Because calves were observed only 2 to 3 times/d and many died when the ambient temperature was abnormally high, some of the bodies had severe postmortem autolysis, which prevented histologic evaluation. However, when nonautolyzed tissues were available for histologic evaluation,
the results invariably indicated extensive necrosis of lymphoid tissues, especially the gut-associated lymphoid
tissues. Noncytopathic and cytopathic BVDV were isolated from the tissues of 12 of the 17 calves with lesions and 2 of the 6 calves without lesions. Only noncytopathic BVDV was isolated from the tissues of 3 calves with lesions and 4 calves without lesions. Bovine viral diarrhea virus was not isolated from the tissues of the remaining 2 calves with lesions; however, failure to detect BVDV in those 2 calves was likely caused by severe postmortem autolysis. Review of the calving records indicated that BVDV test–positive calves were born throughout the entire calving season, rather than in separate clusters early or late in the season (Figure 2). Most of the BVDV test–positive calves were born during the first half of the calving season, which corresponded to the period during which most of the cows calved. The mean birth weight for the 44 calves that tested positive for BVDV antigen by immunohistochemical staining of ear notch specimens (35 kg [77 lb]) was significantly less than the mean birth weight for the 76 BVDV test–negative calves (42.4 kg [93.3 lb]). The mean body weight for the BVDV test–positive calves remained less than that for the BVDV test–negative calves at 7 and 14 weeks of age; however, the mean percentage of body weight increase from birth, which accounted for differences in birth weight among calves, did not differ significantly between the BVDV test– positive and BVDV test–negative calves at either 7 or 14 weeks old (Table 1). This indicated that the growth rate of the BVDV test–positive calves was similar to that of the BVDV–test negative calves through 14 weeks of age.

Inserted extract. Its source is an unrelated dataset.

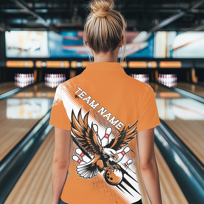Custom Orange Eagle Bowling Jerseys, Eagle Bowling Women Polo Shirts Team Bowlers Uniform IPHW8787

BVDV strains are classified into 1 of 2 genotypes (BVDV1 or BVDV2), each of which is further subdivided into 2 biotypes (cytopathic and noncytopathic) on the basis of whether a given strain causes lytic changes in cultured cells.8,9 Infection of a pregnant cow with a noncytopathic strain of BVDV prior to 40 days of gestation can result in early embryonic death, whereas infection between 40 and 150 days of gestation can result in a fetus that is PI with BVDV, and infection during the latter stages of the second and third trimesters can cause abortion or congenital abnormalities in the fetus or less severe outcomes such as the birth of calves with poor vigor or no clinically apparent abnormalities.6,10 Cattle PI with BVDV (PI cattle) are the major reservoir for the virus,11,12 and current recommendations for BVDV control focus on the detection and removal of PI cattle.11–17 Persistently infected cattle that survive the first year of life often die from mucosal disease, which results when an animal becomes infected with a cytopathic strain of BVDV that is substantially similar
to the noncytopathic strain with which it is PI (the cytopathic strain frequently emerges from a mutation of the noncytopathic strain).18,19 Information regarding the mortality rate of PI calves within 1 year after birth and the percentage of PI cattle that die as a result of mucosal disease or appear clinically normal is lacking. The present report provided additional information
about the clinical outcomes associated with the
apparent introduction of a single strain of BVDV2 into
a herd of 3-year-old pregnant beef cows.
The BVDV outbreak described in the present report
was particularly notable because of the substantial
impact that BVDV infection had on the 2004 calf
crop. We assumed that the 8 suspected abortions and
8 neonatal deaths were related to BVDV infection, and
44 calves subsequently tested positive for BVDV at least
once. Thus, 44% (60/136) of the 2004 calf crop for this
herd was lost or otherwise affected by BVDV. The source
of most BVDV outbreaks is generally traced back to the
introduction of a PI animal into a BVDV-naïve herd.
However, immunohistochemical staining of ear notch
specimens for BVDV antigen yielded negative results for
all 136 purchased cows; therefore, it is unlikely that there
was a PI cow among the purchased cows, and the exact
point source of BVDV entry into this herd is unknown.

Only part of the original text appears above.